Pope: We release our product twice a year in terms of updates and upgrades, and they want a heads up earlier in that cycle so that they can position, they can get ready and potentially get a differentiation over other players, or where they’ve implemented a previous technology from another provider, have we got something that’s competitive or displacing, and they want to get ahead of that.{ad}
Some of them are product-driven and others [want to] work better together in terms of go-to-market and verticalization, and messaging. I do a lot of work in our financial-services space and I’ve probably got 10 partners right now that I’m working with on how do we better leverage their knowledge in where they’re embedded with customers already on things outside of IT that we potentially don’t know about or wouldn’t normally know about, and come with us on the journey — because there [are] a lot of things that they can help us with in terms of educational awareness, but also as a sort of generic methodology of delivering service management, then we absolutely can help and fit into that space with them.
Channel Partners: How is 2017 shaping up for ServiceNow?
Pope: It will be a big one. We’re definitely tracking that way, both from a people and financial standpoint. Changing the CEO, we’ve got a new head of product, new channel lead and so on; it has been a lot of change, certainly at the senior level of the organization. But the thing that’s never dropped is we have this … flawless execution and customers are our No. 1 priority.
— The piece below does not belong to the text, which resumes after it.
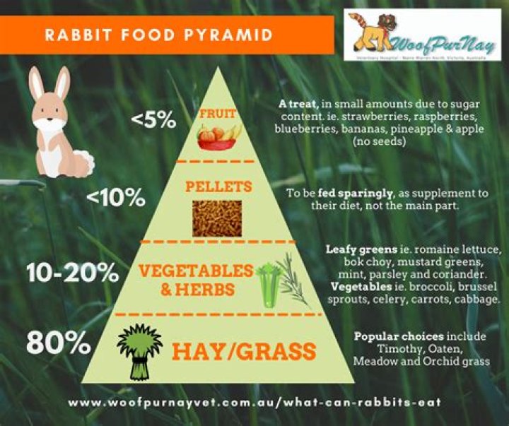 Rabbits love their food and enjoy fresh fruits and vegetables as part of a balanced diet. The main part of a rabbit's diet should be unlimited amounts of fresh hay (preferably Timothy or Meadow Hay), grass, and plenty of clean water available.

Off the back of that, last year we launched two new products around customer service and security-operations management or response, and they’re like little startup business units, but have taken off like wildfire.
And there [are] other things that we’re doing in terms of innovation in the product that we’re delivering in our next release in June this year … that again will try to distance us from all of our competitors because they’re just not innovating in this space.
And with the talent and the people we’re hiring, it’s really to drive inefficiencies out, but also accelerate us even more on the journey that we’re on. So the view of the world is very good from that standpoint, but ultimately customer satisfaction is what we’re trying to achieve. And we’ve seen with all the big partners, and all the MSPs and the SIs of the world, they want to come and play, they want to be part of our journey, which is just a testament to doing the right things. And I think if we continue to do that, there [are] only good things for us on the runway.